Thank you for writing this blog post. Would you say that your opinion is the PVSCI should now be a default in VMware environments, or should this still be used for performance and on a case-by-case basis? I think as of one of the 5.5 updates, PVSCSI is supported for MSCS. Any other caveats for making this a default?
I think it should be the default now that it can be used for MSCS or Windows Failover Cluster. If you pre tune your OS templates it makes it much easier to standardise great performance.
That makes sense. I’ve been looking around for information on this topic and this post was very helpful. At least having PVSCSI installed by default gives you higher queue depths and the ability to tune those higher if needed.
Thanks for this great post, like always.
Wich Tool can we use to mesure an actual DB VM, IO, and also the amont of queue in controller ?

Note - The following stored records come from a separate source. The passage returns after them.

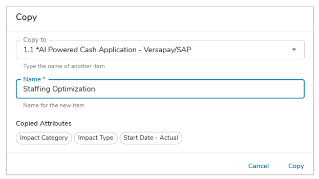 Copying work items in Shibumi supports efficient program management when multiple similar work items are required. App Admins configure which templates allow work items to be copied and define which attribute values are included during the copy process.
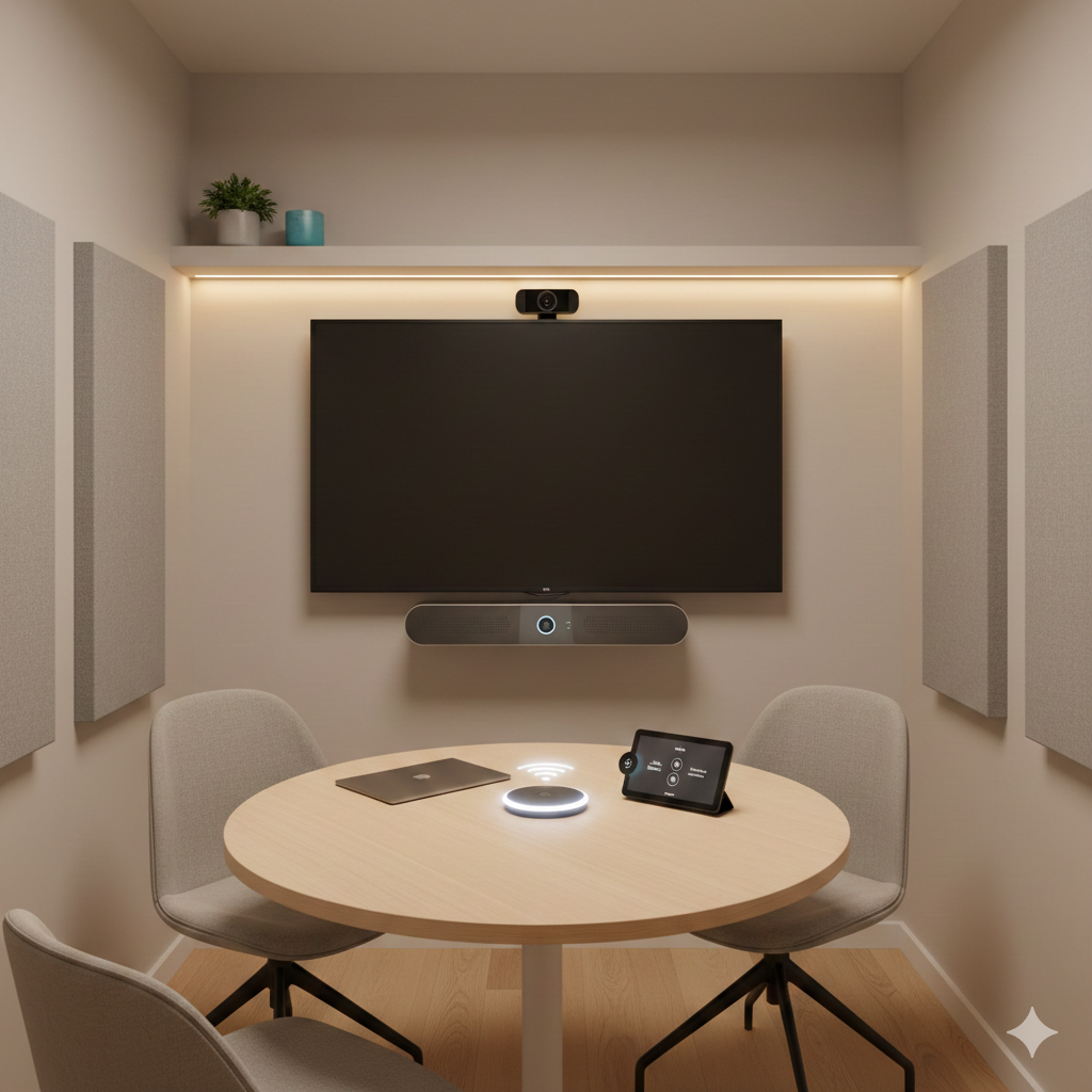 In a large boardroom, you might see discrete components: microphones in the ceiling, speakers in the walls, and a camera mounted separately. For a huddle room, this approach is often overkill—both for your budget and the physical space.
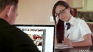 curvy procace agente immobiliare si trasforma in un lavato-up slut e lascia il suo cliente cazzo tutti i suoi buchi per compiacere lui
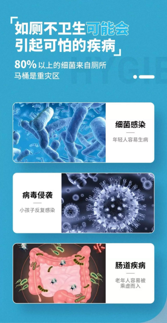 专研活性配方,99.99%除菌抑菌 时间久了,还会导致各种疾病 腹泻、妇科疾病、呼吸道疾病等 一定要重视起来! 定期打扫卫浴空间很有必要~ 这款洁厕液,对大肠杆菌 和金黄色葡萄球菌的抑菌率高达99.99%❗ 深层瓦解菌株,守护全家人健康

You can use this freeware https://labs.vmware.com/flings/io-analyzer it is versatile and easy to use.
let me know once you get it tested or have found something else.
If all the disks are on the same datastore are you getting any benefits from multiple controllers?
Yes as the controller can still cause os bottlenecks.
I’m currently battling an issue very similar to this and had a few questions.
1)What type of log entries have you seen from Windows/SQL from the corruptions?
2) When the issue can be recreated, what type of traffic typical causes? Just high IO?
Oddly enough, we’ve only had problems when running VM Hw Ver 13.
Just to give a little more info, the specific SQL server having issues is w2012r2 w/ SQL 2016. We have PVSCSI adapters but we haven’t defined the SCSI queue in Windows.